Antoni Szymański (Poznań, 30 July 1894 - 11 December 1973, London) was a Polish Army general the last prewar Polish military attaché in Berlin (1932-1939). On the night of 5–6 September 1939, he left Berlin for Copenhagen, then went to Wilno via Stockholm and Helsinki. He fought against the Germans at Lwów. After the surrender of Lwów on 22 September 1939, he became a Soviet prisoner of war, and remained until 1941 in several prison camps.
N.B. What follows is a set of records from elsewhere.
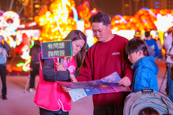 2025台灣燈會在桃園距離閉幕倒數只剩3天,上週末更創下單日參觀逾220萬人次的紀錄,本屆燈會除了結合傳統花燈、科技和藝術的燈藝作品外,假日也安排了多元的表演節目,為迎接來自各地的遊客,召募近4,000人次志工於兩大燈區,即時提供賞燈路線導引、輪椅娃娃車借用及燈區各項服務資訊。
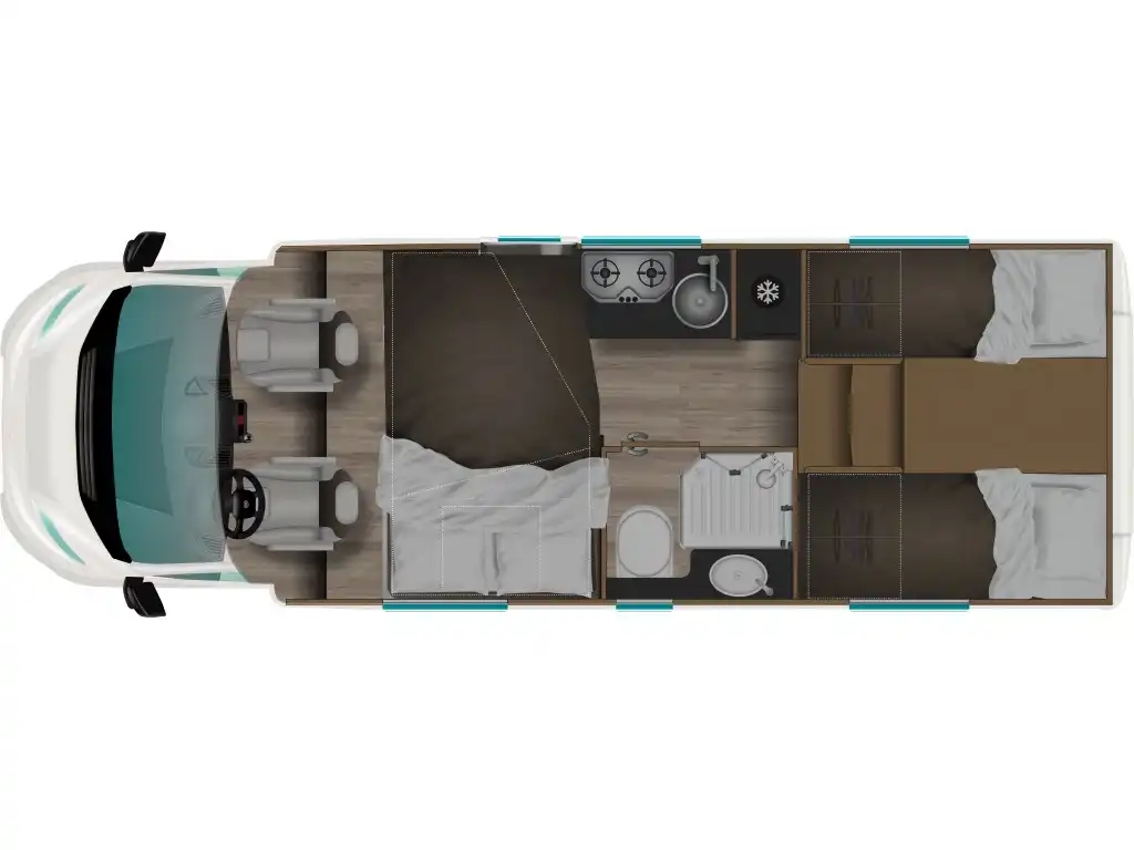 - 3-Punkt-Sicherheitsgurte mit Aufrollvorrichtung (Fahrerhaus und Wohnraum)
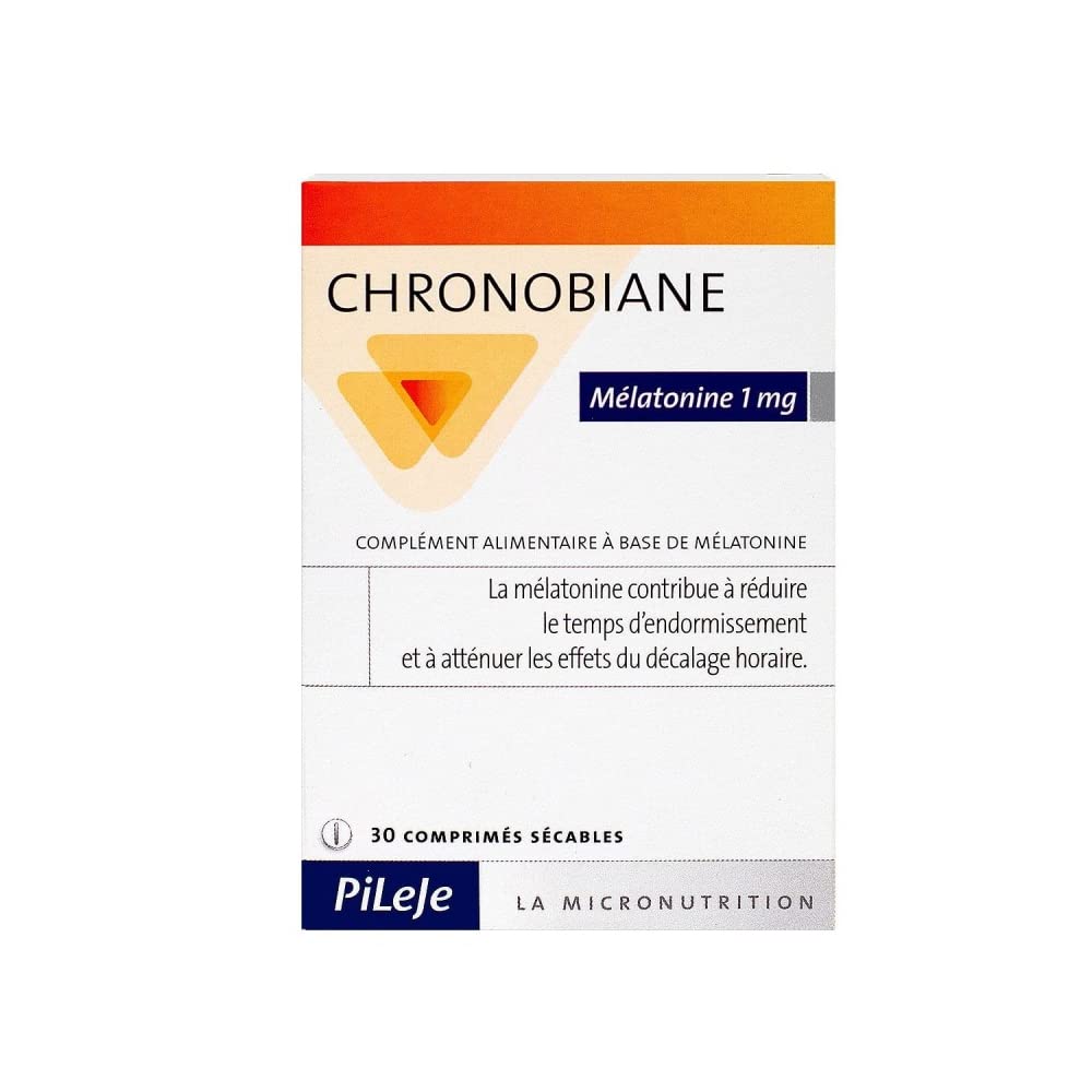 PILEJE CHRONOBIANE 30 tablets PROPERTIES: CHRONOBIANE from PILEJE is a food supplement formulated with melatonin. It helps reduce the time it takes to fall asleep in people who have difficulty falling asleep. CHRONOBIANE also helps mitigate the effects of jet lag. ADVICE FOR USE: - For difficulty falling asleep: Take 1 CHRONOBIANE tablet per day to swallow before bedtime. Above all, do not exceed 3 consecutive weeks of supplementation without the advice of a health professional. - For jet lag: Take ½ CHRONOBIANE tablet to swallow at bedtime, on the first day of travel, then for 4 to 8 days after arrival at your destination. COMPOSITION: 1st box of 30 scored tablets Melatonin (1mg per tablet) - Bulking agent: microcrystalline cellulose - Corn starch - Tricalcium phosphate - Anti-caking agents: magnesium stearate - Colloidal silica. INGREDIENTS melatonin, bulking agent: microcrystalline cellulose, corn starch, tricalcium phosphate, anti-caking agents: magnesium stearate, colloidal silica.Adult. Reduce the time it takes to fall asleep. PILEJE CHRONOBIANE 30 comprimés PROPRIÉTÉS : CHRONOBIANE de PILEJE est un complément alimentaire formulé à base de mélatonine. Il contribue à réduire le temps d endormissement chez les personnes qui ont des difficultés à trouver le sommeil. CHRONOBIANE permet également d atténuer les effets du décalage horaire. CONSEILS D UTILISATION : - Pour les difficultés d endormissement : Prenez 1 comprimé CHRONOBIANE par jour à avaler avant le coucher. Surtout, ne dépassez pas 3 semaines consécutives de complémentation sans l avis d un professionnel de santé. - Pour les décalages horaires : Prenez ½ comprimé CHRONOBIANE à avaler au coucher, le premier jour du voyage, puis pendant 4 à 8 jours après l arrivée à destination. COMPOSITION : 1e boite de 30 comprimés sécables Mélatonine (1mg par comprimé) - Agent de charge : cellulose microcristalline - Amidon de maïs - Phosphate tricalcique - Anti-agglomérants : stéarate de magnésium - Sillice colloïdale. INGRÉDIENTS mélatonine, agent de charge : cellulose microcrystalline, amidon de maîs, phosphate tricalcique, anti-agglomérants :stéarate de magnésium, silice colloîdale.adult. Réduire le temps d'endormissement.
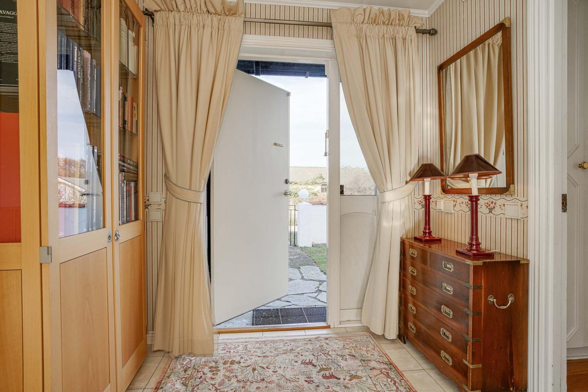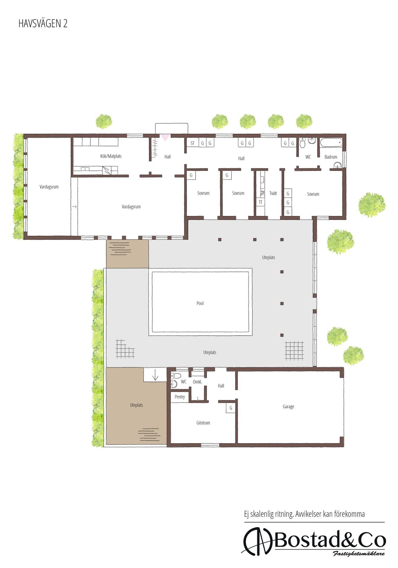 Den kringbyggda planlösningen skapar en naturlig innergårdskänsla, skyddad från vind men öppen mot ljuset. Härifrån nås både huvudhuset, den separata gästavdelningen och det större enbilsgaraget, som erbjuder gott om plats för bil, cyklar och förvaring – perfekt för det aktiva kustlivet.
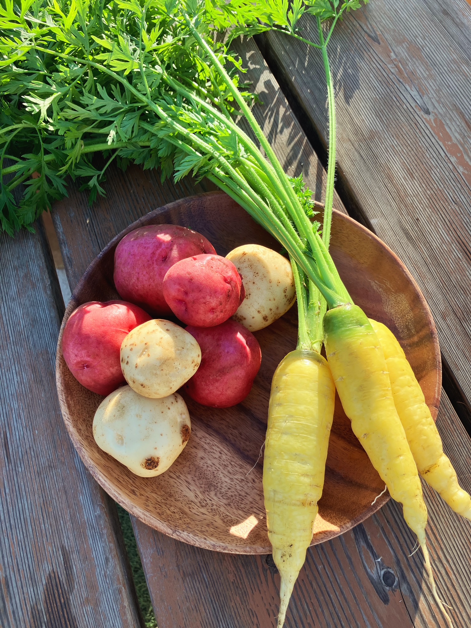 ぼくらの農園から、掘りたてのじゃがいもと人参が入りました。

He was released following the Sikorski-Mayski Agreement and joined the Polish army commanded by General Władysław Anders.

==Life==
As a Prussian citizen, he fought on the Western Front during World War I (including the Battle of Verdun).

Antoni Szymański was the last prewar Polish military attaché in Berlin (1932-1939). On the night of 5–6 September 1939, he left Berlin for Copenhagen, then went to Wilno via Stockholm and Helsinki. He fought against the Germans at Lwów. After the surrender of Lwów on 22 September 1939, he became a Soviet prisoner of war, and remained until 1941 in several prison camps. He was released following the Sikorski-Mayski Agreement and joined the Polish army commanded by General Władysław Anders.

His wife, Halina Szymańska, as a British agent, met several times during World War II with Admiral Wilhelm Canaris and Hans Bernd Gisevius in Switzerland and Italy.